According to one such shortsightedly dogmatic reviewer, it was sort of rocky, but eventually saved in the end “thanks to some inspired, disastrous and scantily clad participants”—participants whose spontaneous auditions for roles in the play were revealed to be not that spontaneous after all, as most of them turned out to be fellow performance artists, thereby toying with and subverting the expectations of audience members who had never been to a performance art festival before. These took the form of various females arriving onstage to read close-captioned lines of dialogue opposite a video of Franco performing the role of the “Gentleman Caller,” with one female pretending to be so nervous that she stopped to call her mother on her cell phone, and another wearing nothing but a bikini and high heels (symbolic of the pageantry of auditions, or the sexist double standard applied to actresses, or something).
Male performers, meanwhile, read the closing monologue live—all of this while Franco and Nakadate offered direction and, at one performance artist’s request to help him recreate a “windy alley” and also make it look like he was crying, crawled underneath him “blowing his hair and spitting under his eyes." That segment of the performance culminated in Franco’s musical partner Kalup Linzy “singing the monologue in a long blonde wig and a very short neon green bathrobe of sorts, his voice alternating between an AutoTuned masculine pitch and overly feminine, soap opera-evoking shriek.” All told, a searing commentary on the inherent artificiality of acting and its dehumanizing effects. Plus, James Franco spitting.

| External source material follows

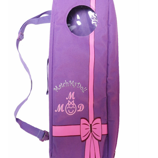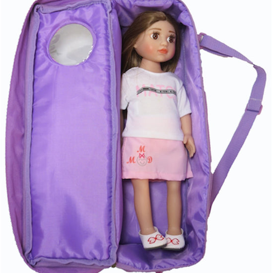 Purple travel tote sized for 16-18" dolls such as American Girl, Bitty Baby, Magic Attic, Kidz n' Cats & Carpatina.

Unfortunately, we’ll never know for sure whether Williams felt the same as the reviewer who believed this all did the "exceptionally heartbreaking Glass Menagerie epilogue justice." That's because the first-act séance, which received the majority of the pre-show attention, apparently came off like just a joke at the audience’s expense. Or, as always, was it? Franco, Nakadate, and a circle of 11 other "unseen sitters" were reportedly taking the Ouija board exercise “very seriously.” But as Williams’ messages from beyond were relayed from the medium, it turned out that “most of them were praise for Franco: ‘This is not about him, it's about you,’’” which the reviewer felt suggested it was all a prank. Which, it's either that, or just that by now even ghosts are familiar with the general thesis of all of Franco’s work.